A Crash Course in Greek Wine

05.01.09
Searching for gold—and finding it, occasionally, despite the odds—at an international wine competition.
greek wine

It’s 10 A.M. and I’m ready to do cartwheels. I’m at the Thessaloniki International Wine Competition and our panel has just been handed a flight of 15 wines made from Malagousia and Assyrtiko, two of Greece’s best white wine grapes, instead of a slew of less interesting Greek Chardonnay. I’ve encountered these grapes before: The luscious peach tones and silken texture of Malagousia; the lean, elegant flavors of Assyrtiko, as dry and saline as Santorini, the island where it originated. Judging these will be cake.

Or will it? I’m used to tasting blind, without knowing precisely what wine is in the glass, but when assigning a score I always know the grape or the place it came from—and here they don’t tell us which wine is which or if it’s a blend of the two. As a wine critic, the question isn’t whether I like a wine (that’s for later, off the job) but whether it’s a good example of its type. Without knowing what that type is—e.g. an Assyrtiko from Santorini or one from the mainland, or a blend with Malagousia, all of which deserve to be judged on their own merits—that’s difficult. And it’s even more difficult for the Italian sommelier two rows behind me, who has almost no experience with Greek wines.

The problem isn’t unique to this competition. Even when the wines are presented in a more orderly fashion, some judges might not be familiar enough with the wines being judged to be able to rate them well. (At a competition in Germany I once ended up on the panel judging semi-sweet reds. The only time these wines ever really made sense to me was in a Georgian restaurant in Moscow alongside some super-spicy shashlik—yet that wasn’t enough to prepare me to taste 14 of them, let alone judge them. Still, I was one experience more qualified than some other tasters.) And there’s the whole problem of judging a wine from a single snapshot, a series of sips taken in a five-minute period, in a sterile room under a critical eye. It’s a little like speed dating: If you don’t make a connection in that five minutes, you’re out, no chance for slowly blossoming understandings.

This morning in Thessaloniki, I break out in a sweat. I love Greek wines, and I want to see vintners who are doing good work get recognition for it. I stare at glass number 4325 and wonder whether the faintly peachy, light white in it is a poor example of Malagousia or an Assyrtiko from the mainland, where the grape tends to take on a plumper, fruitier character than its island identity. Or is it some unusual blend of the two?

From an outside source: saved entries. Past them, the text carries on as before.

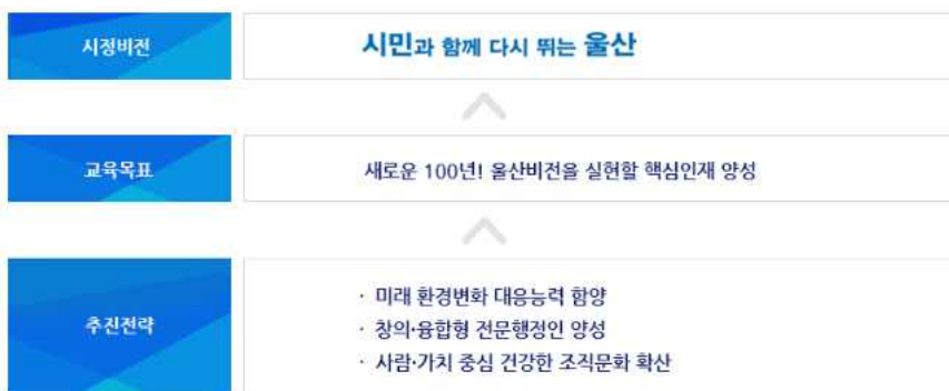
<그림 3-8> 울산광역시 2019년 교육훈련 비전 체계도
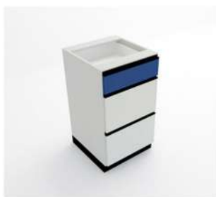
MÓDULO GAVETA PARA PASTAS SUSPENSAS

10056 - M80RG2 10057 - M90RG3 10058 - M100RG4 10059 - M110RG4 10060 - M120RG4
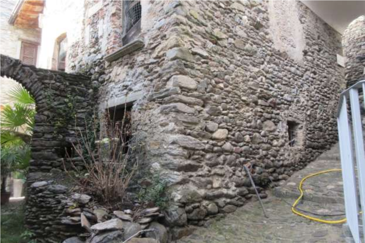
Vista dell'U.I.U. oggetto d'esecuzione posta al piano terra del fabbricato che si affaccia sulla strada pedonale denominata Via degli Aviggi

Fotografie scattate nel sopralluogo effettuato il giorno 11/12/2025
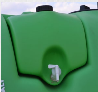
Rezervoar za pranje ruku Hand washing tank
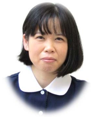
主任介護支援専門員
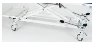
4 Comfort-Rollen, zentral feststellbar Mod. 1185
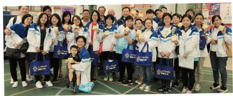
▲ 「樂善之友」企業義工參與探訪活動
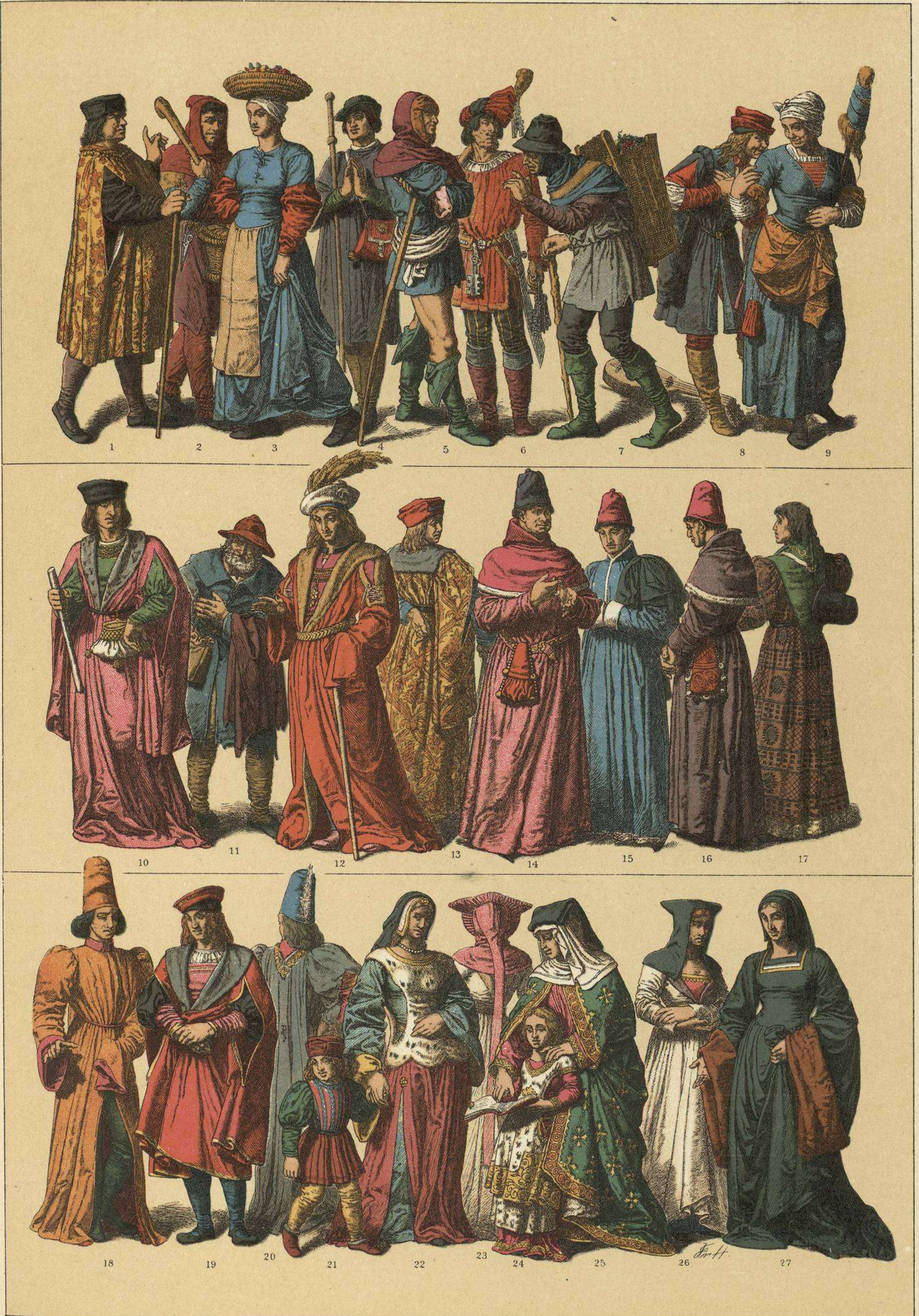
EDAD MEDIA.—TRAJES DE LOS FRANCESES EN LA SEGUNDA MITAD DEL SIGLO XV
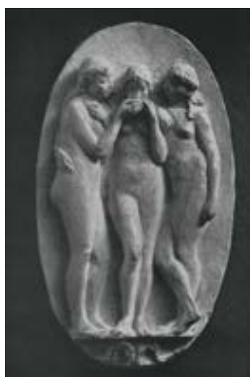
Model / Modell, 1949, pálená hlína / gebrannter Ton, v. / H. 30 cm

GAVU – Opus magnum 27. 4.–25. 6. 2017 Kurátor / Kurator: Marcel Fišer Vernisáž ve středu 26. dubna po přednášce Marcela Fišera Umění ve Františkových Lázních II po roce 1945
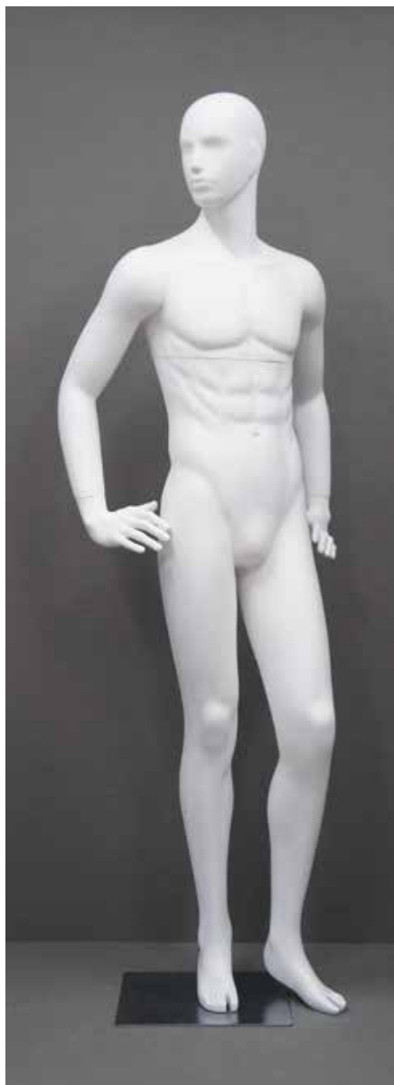
RD-102.BS.R-E T 185.0/B 91.0/W 73.0/H 91.0

This is how it goes for all three days of the contest. Thrilling moments of absolute certainty are countered by confusion, which feels worse than a mouthful of wine that tastes like fish food. By the end, I’m pretty much sure that about the only thing this contest will do is distribute a slew of silver medals, the safest score range, the refuge of the unsure.

But I’m only half right. The main point of the vast majority of these events is, to be blunt, to hand out medals, which bring more recognition to the wines, and in this case, to an entire country’s largely unsung production. The stickers the winners can put on their bottles will bring them consumers’ attention, and the competition itself is a crash course in Greek wine for a number of judges who buy, sell, and write about wine.

But most strikingly, we judges don’t entirely blow it. Some golds are handed out after all, and they go to some of the best wines in Greece. There’s the elegant, restrained Santorini by Paris Sigalas right up at the top of the list, as well as a satiny Sauvignon Blanc from Evangelos Gerovassiliou, one of the country’s most talented vintners. Boutari’s Skalani, a red that redefines Cretan wines, took a gold, as did the Xinomavro from Kir Yianni.

I’m sure we missed some great wines—the judges didn’t get them, the bottle was off, the flight was bizarrely ordered, the barometric pressure shot up—who knows. But it’s reassuring to know that, in some cases, you can’t keep a good wine down. It has something to say, and says it so well and so clearly that a quorum of people hear it, no matter the noise.

And that Italian guy two rows behind me, who’d never been to Greece? He likes Greek wines now.